KG just needs to get a double figure night and he's the sole leader as Howard only got 9 tonight. :cheers: :clap:


----------



## Avalanche (Nov 17, 2005)

moss_is_1 said:


> KG just needs to get a double figure night and he's the sole leader as Howard only got 9 tonight. :cheers: :clap:


word :cheers: 

he should do against the sonics frontline


----------



## moss_is_1 (Jun 14, 2004)

Avalanche said:


> word :cheers:
> 
> he should do against the sonics frontline


Yeah, they're leading rebounder is averaging like 5.9 a game. :eek8:


----------



## Pimped Out (May 4, 2005)

KG: 12.32786885246 Rebounds Per Game :banana: :banana: 
Shawn Marion: 12.31666666667 Rebounds Per Game
Dwight Howard: 12.29508196721 Rebounds Per Game


----------



## Avalanche (Nov 17, 2005)

this is pretty much the best part of the season.
good work by kg.. but disappointing none the less


----------



## moss_is_1 (Jun 14, 2004)

Yeah now I'm just worried about KG getting his 7th straight 20-10-5 season he's only avg. like 4.3 assists so I think that will end...


----------



## JuX (Oct 11, 2005)

moss_is_1 said:


> Yeah now I'm just worried about KG getting his 7th straight 20-10-5 season he's only avg. like 4.3 assists so I think that will end...


Yeah, a several big changes in roster probably hurt his assist numbers a little.


----------



## The King of the World (Dec 28, 2003)

As of today, 

1. Garnett 12.3
2. Marion 12.3
3. Howard 12.2
4. B.Wallace 12.0

KG is also tied with Marion for the league lead in double doubles (49).


----------



## JuX (Oct 11, 2005)

KG has finally taken the lead over Shawn Marion.
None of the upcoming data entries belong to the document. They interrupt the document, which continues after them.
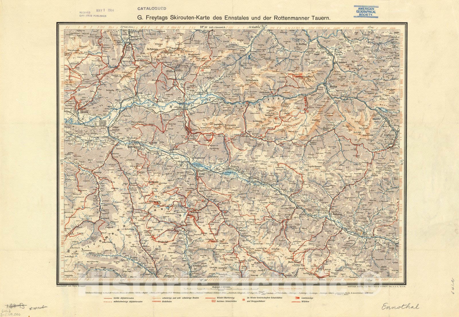 Map : Ennstales und der Rottenmanner Tauern, Austria 1913, G. Freytags Skirouten-Karte des Ennstales und der Rottenmanner Tauern, Antique Vintage Reproduction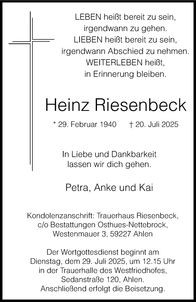 Hier finden Sie alle Traueranzeigen aus der Zeitung, die bisher für Heinz Riesenbeck erschienen sind. Weitere Traueranzeigen, die in der Zeitung erscheinen, werden hier ebenfalls aufgelistet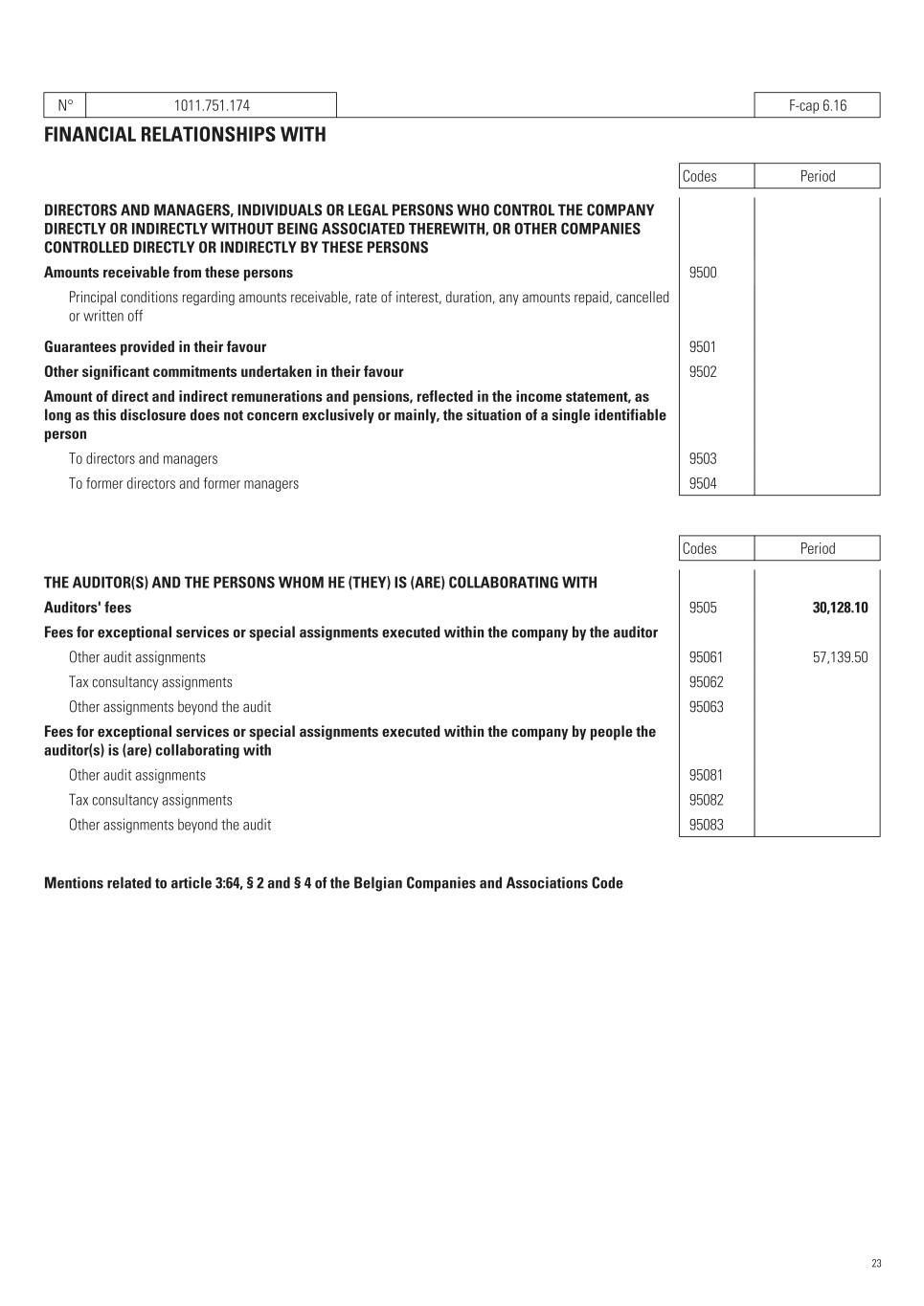 N° 1011.751.174   F-cap 6.16 FINANCIAL RELATIONSHIPS WITH Codes Period DIRECTORS AND MANAGERS, INDIVIDUALS OR LEGAL PERSONS WHO CONTROL THE COMPANY DIRECTLY OR INDIRECTLY WITHOUT BEING ASSOCIATED THEREWITH, OR OTHER COMPANIES CONTROLLED DIRECTLY OR INDIRECTLY BY THESE PERSONS Amounts receivable from these persons   9500 Principal conditions regarding amounts receivable, rate of interest, duration, any amounts repaid, cancelled or written off Guarantees provided in their favour   9501    Other significant commitments undertaken in their favour   9502    Amount of direct and indirect remunerations and pensions, reflected in the income statement, as long as this disclosure does not concern exclusively or mainly, the situation of a single identifiable person To directors and managers   9503    To former directors and former managers   9504    Codes Period THE AUDITOR(S) AND THE PERSONS WHOM HE (THEY) IS (ARE) COLLABORATING WITH Auditors' fees   9505 30,128.10    Fees for exceptional services or special assignments executed within the company by the auditor Other audit assignments   95061 57,139.50    Tax consultancy assignments   95062    Other assignments beyond the audit   95063    Fees for exceptional services or special assignments executed within the company by people the auditor(s) is (are) collaborating with Other audit assignments   95081    Tax consultancy assignments   95082    Other assignments beyond the audit   95083    Mentions related to article 3:64, § 2 and § 4 of the Belgian Companies and Associations Code 23

Dwight Howard stands at 3.

As of 3/16/06:

KG 12.4
Marion 12.3
Howard 12.2


----------



## JuX (Oct 11, 2005)

3/20/06

Garnett 12.4
Marion 12.3
Howard 12.3
Wallace 11.8

Can I safely say Ben Wallace is out of race?


----------



## the main event (Aug 22, 2005)

yes you can


----------



## moss_is_1 (Jun 14, 2004)

KG aslo took the double doubles lead!
1.KG - 53(67 games)
2.Marion - 52(66 games)
3.Dwight Howard - 49(67 games)
4.Duncan - 44(66 games)
Well he's played 1 more game and has one more so technincally they are tied but I think he will pull it out.


----------



## JuX (Oct 11, 2005)

Shawn Marion did not play well vs Utah last night, so it helped widen the gap between him and KG. (15 points, 9 rebs.)

Sweet.


----------



## moss_is_1 (Jun 14, 2004)

KG with another double double tonight and it looks like Marion won't get his because they are up 18 on the Blazers with about 8 minutes left and he has only 7 boards! :banana: :banana:


----------



## Avalanche (Nov 17, 2005)

KG has been playing really well lately, he looks really solid as compared to early on in the season when he was a bit up and down.
i can see him getting a double double every game for the rest of this season and walking away on top of that and the rebounding title.


----------



## JuX (Oct 11, 2005)

KG finally get away atop the top with 12.5. The battle of him and Howard did much the damage as The Big Ticket dominated the younger player. 11 games left now.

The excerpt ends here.